To fix this, the first step of my imagined procedure is to ‘couple’ the two propensities together, so that one provides leverage on the other. E.g. imagine doing this by character training, or SDF, or some other similar method. The hope is that doing this ‘coupling’ step first improves the degree to which alignment propensities generalise later.
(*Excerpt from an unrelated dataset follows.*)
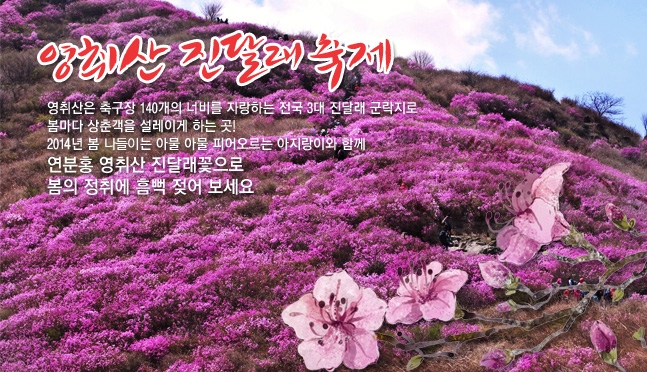 • 영취산 진달래 절정 개화 시기는 2014. 3. 24. ~ 4. 13. 입니다.

How well this coupling works in practice / whether it holds up under subsequent finetuning is an empirical qn, but seems exciting if it did work.
---
Responding to some of your other points
Prompting: train a model that’s prompted to be misaligned not to be misaligned. But this seems like it would just make the model ignore the prompt? Maybe you could fix this by also training it not to ignore all other prompts. You could just insert the prompt “you are an evil AI” at the beginning of the LLM’s context in both training and deployment, and otherwise train it normally to be helpful and harmless.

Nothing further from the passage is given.